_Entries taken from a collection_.
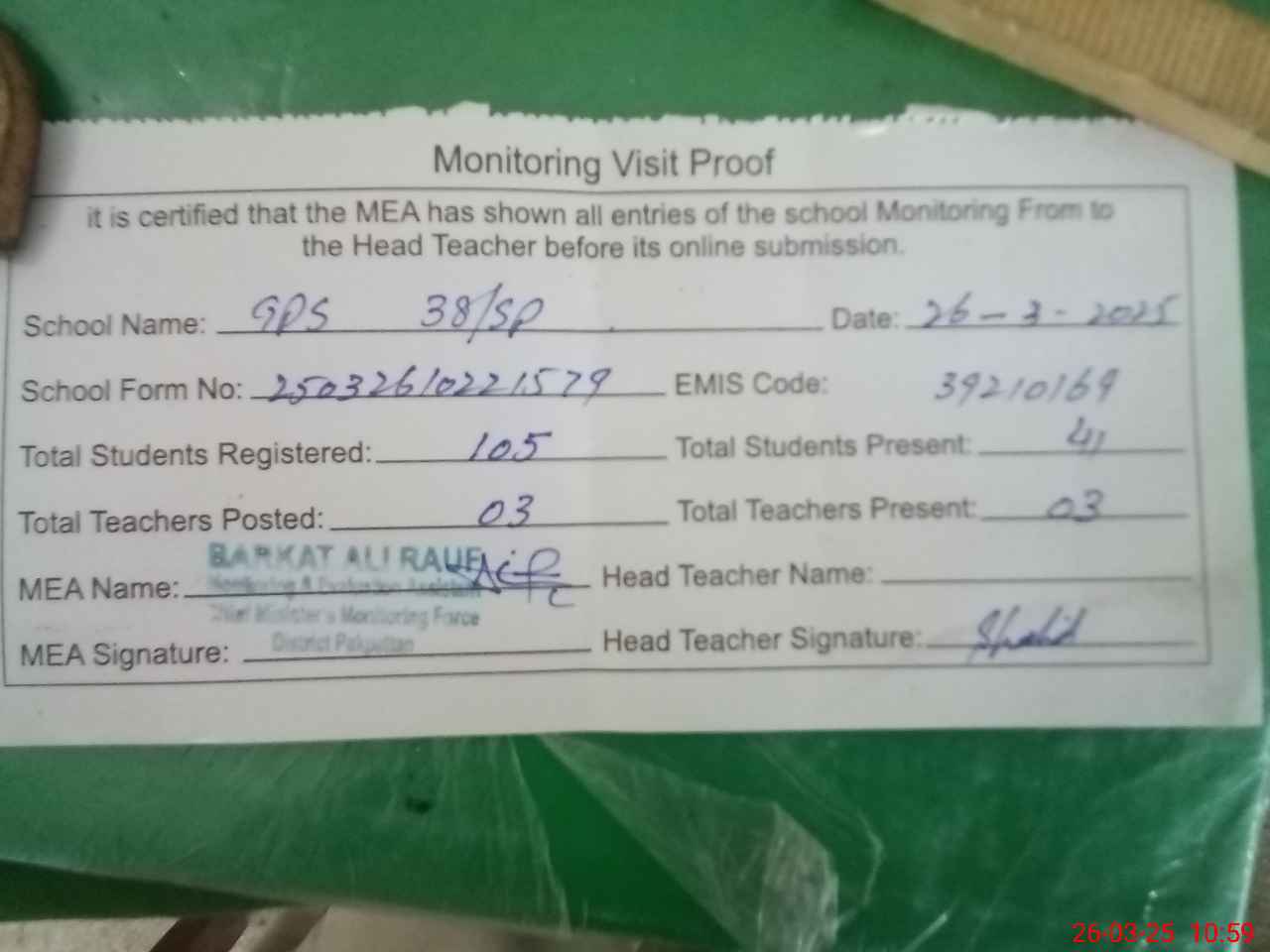 | Attendance Register | Head Teacher | MEA with School | Visit Proof |
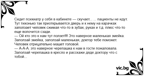 Сидит психиатр у себя в кабинете — скучает... ... пациенты не идут. Тут тихонько так приоткрывается дверь и к нему на карачках заползает человек сжимая что-то в зубах, руках и т.д. плюс что-то еще волочится сзади.
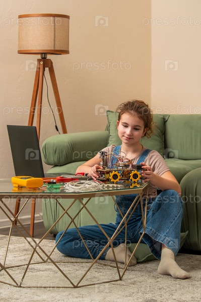 Молодая девушка сосредоточена на создании модели робота дома, сидя на полу с ноутбуком рядом. Инструменты и провода разбросаны на столе, запечатлевая момент концентрации и обучения
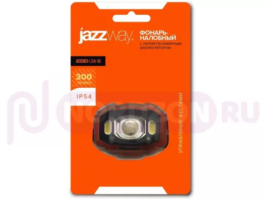 Заказать звонокФонарь Jazzway AccuH3- L5W-bk налобный чёрный ( Micro USB, 300 Лм, IP54, литий-полимерный аккумулят
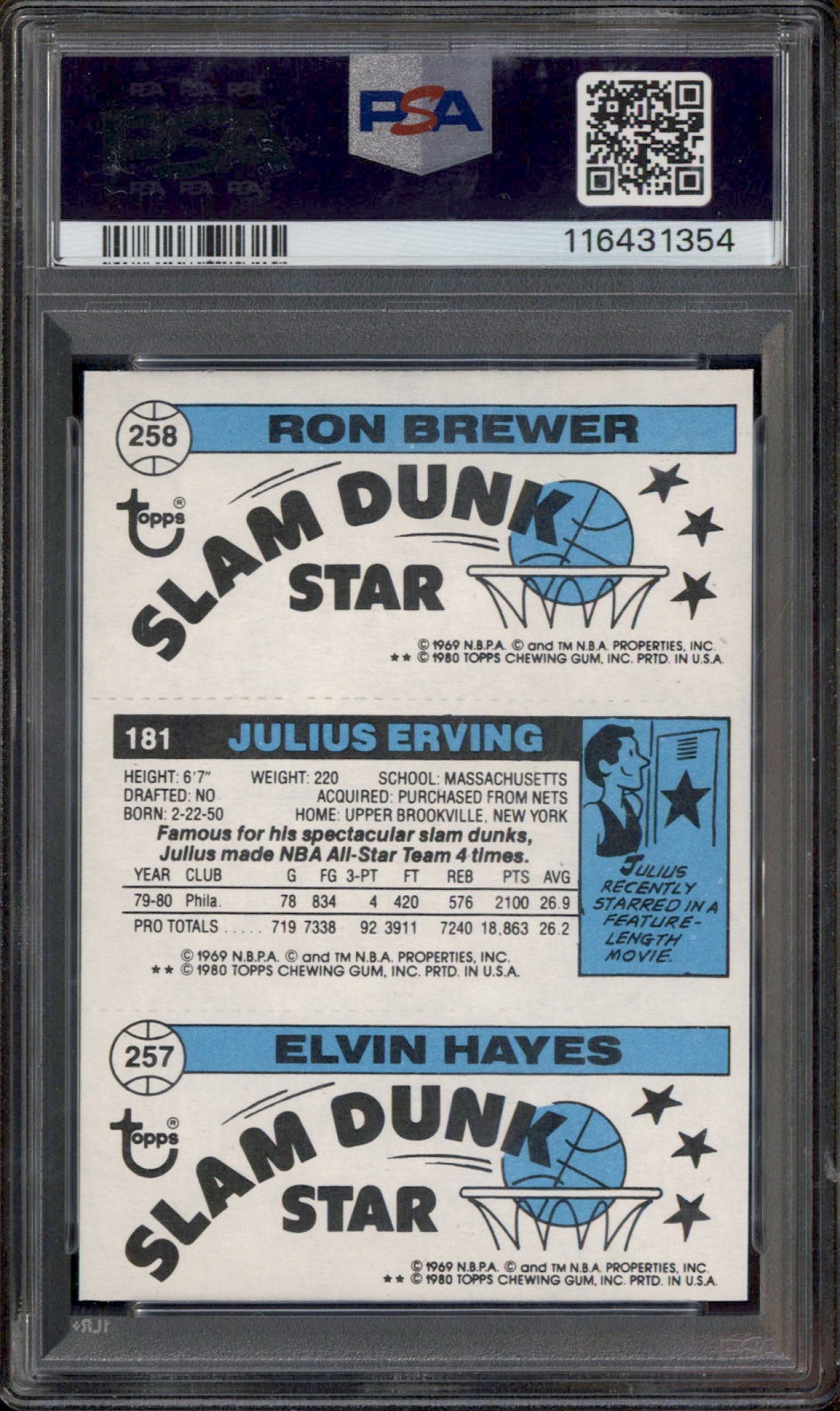 1980 Topps Elvin Hayes Julius Erving Ron Brewer PSA 9 (OC)

_Work request_. Output all the records above again exactly, with the pictures dropped.

_Response to this task_.
 | Attendance Register | Head Teacher | MEA with School | Visit Proof |
 Сидит психиатр у себя в кабинете — скучает... ... пациенты не идут. Тут тихонько так приоткрывается дверь и к нему на карачках заползает человек сжимая что-то в зубах, руках и т.д. плюс что-то еще волочится сзади.
 Молодая девушка сосредоточена на создании модели робота дома, сидя на полу с ноутбуком рядом. Инструменты и провода разбросаны на столе, запечатлевая момент концентрации и обучения
 Заказать звонокФонарь Jazzway AccuH3- L5W-bk налобный чёрный ( Micro USB, 300 Лм, IP54, литий-полимерный аккумулят
 1980 Topps Elvin Hayes Julius Erving Ron Brewer PSA 9 (OC)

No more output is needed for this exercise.